The disk space allocated to a data file is logically divided into pages which is the fundamental unit of data storage in SQL Server. A database page is an 8 KB chunk of data. When you insert any data into a SQL Server database, it saves the data to a series of 8 KB pages inside the data file. If multiple data files exist within a filegroup, SQL Server allocates pages to all data files based on a round-robin mechanism. So if we insert data into a table, SQL Server allocates pages first to data file 1, then allocates to data file 2, and so on, then back to data file 1 again. SQL Server achieves this by an algorithm known as Proportional Fill.

The proportional fill algorithm is used when allocating pages, so all data files allocate space around the same time. This algorithm determines the amount of information that should be written to each of the data files in a multi-file filegroup based on the proportion of free space within each file, which allows the files to become full at approximately the same time. Proportional fill works based on the free space within a file.

Analyzing How SQL Server Data is Stored

Step 1: First we will create a database named "Manvendra" with three data files (1 primary and 2 secondary data files) and one log file by running the below T-SQL code. You can change the name of the database, file path, file names, size and file growth according to your needs.

CREATE DATABASE [Manvendra]
 CONTAINMENT = NONE
 ON  PRIMARY
( NAME = N'Manvendra', FILENAME = N'C:\MSSQL\DATA\Manvendra.mdf',SIZE = 5MB , MAXSIZE = UNLIMITED, FILEGROWTH = 10MB ),
( NAME = N'Manvendra_1', FILENAME = N'C:\MSSQL\DATA\Manvendra_1.ndf',SIZE = 5MB , MAXSIZE = UNLIMITED, FILEGROWTH = 10MB ),
( NAME = N'Manvendra_2', FILENAME = N'C:\MSSQL\DATA\Manvendra_2.ndf' ,SIZE = 5MB , MAXSIZE = UNLIMITED, FILEGROWTH = 10MB )
 LOG ON
( NAME = N'Manvendra_log', FILENAME = N'C:\MSSQL\DATA\Manvendra_log.ldf',SIZE = 10MB , MAXSIZE = 1GB , FILEGROWTH = 10%)
GO

Step 2: Now we can check the available free space in each data file of this database to track the sequence of page allocations to the data files. There are multiple ways to check such information and below is one option. Run the below command to check free space in each data file.

USE Manvendra
GO
Select DB_NAME() AS [DatabaseName], Name, file_id, physical_name,
    (size * 8.0/1024) as Size,
    ((size * 8.0/1024) - (FILEPROPERTY(name, 'SpaceUsed') * 8.0/1024)) As FreeSpace
    From sys.database_files

You can see the data file names, file IDs, physical name, total size and available free space in each of the database files.

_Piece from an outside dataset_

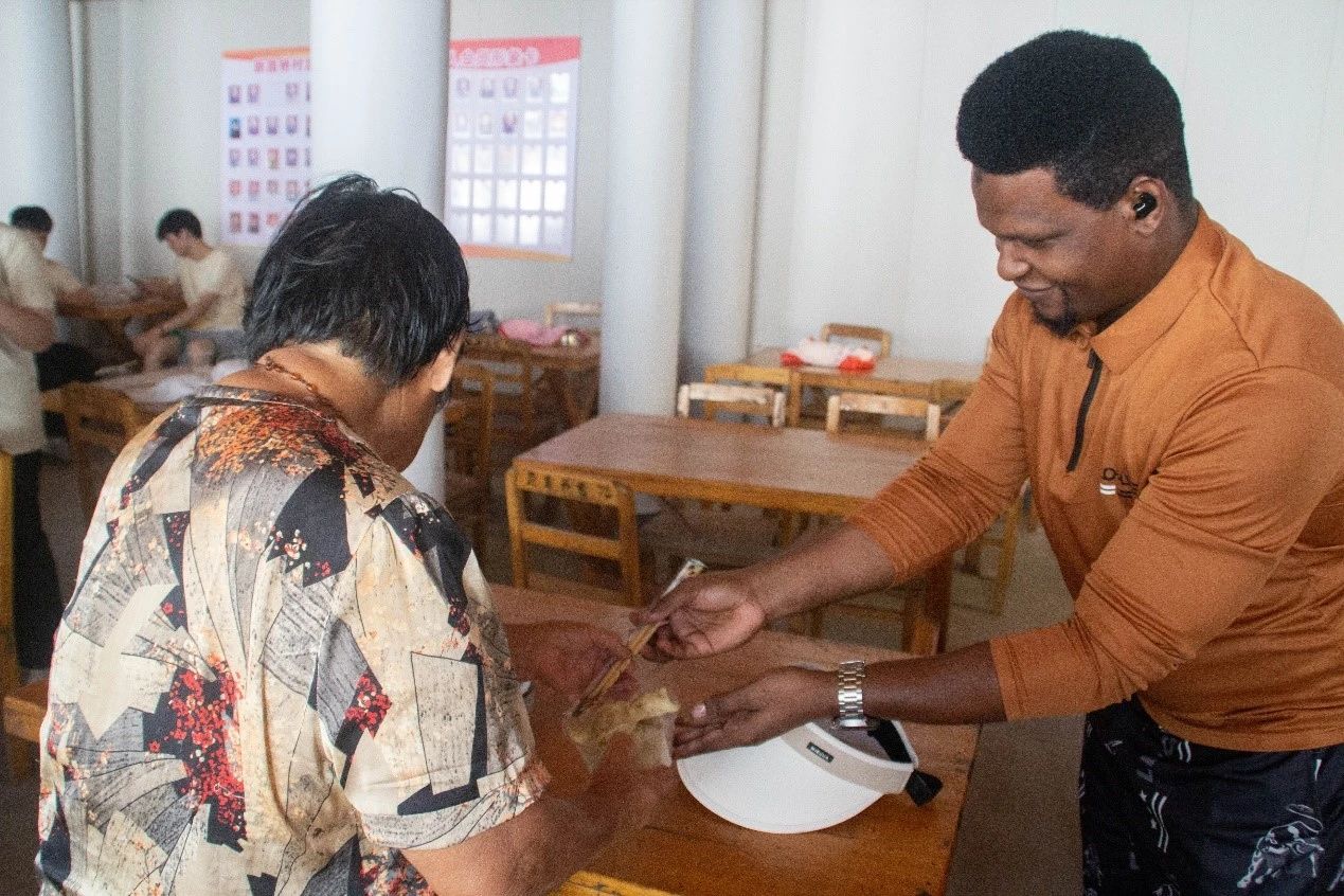 临近中午,实践队员们来到村里的居家养老服务中心——福寿堂。他们将一同为在这里用餐的老人包饺子,用心用情让老人们感受到关怀和温暖。摊皮、放馅、捏合,每一步都充满了中华传统饮食文化的韵味。在中国学生的帮助下,留学生包饺子的手法愈发娴熟。不多时,一盘盘实践队员包的饺子便摆满了桌面。

data file free spaces post SQL Server database creation

We can also check how many Extents are allocated for this database. We will run the below DBCC command to get this information. Although this is undocumented DBCC command this can be very useful information.

USE Manvendra
GO
DBCC showfilestats

With this command we can see the number of Extents for each data file. As you may know, the size of each data page is 8KB and eight continuous pages equals one extent, so the size of an extent would be approximately 64KB. We created each data file with a size of 5 MB, so the total number of available extents would be 80 which is shown in column TotalExtents, we can get this by (5*1024)/64.

UsedExtents is the number of extents allocated with data. As I mentioned above, the primary data file includes system information about the database, so this is why this file has a higher number of UsedExtents.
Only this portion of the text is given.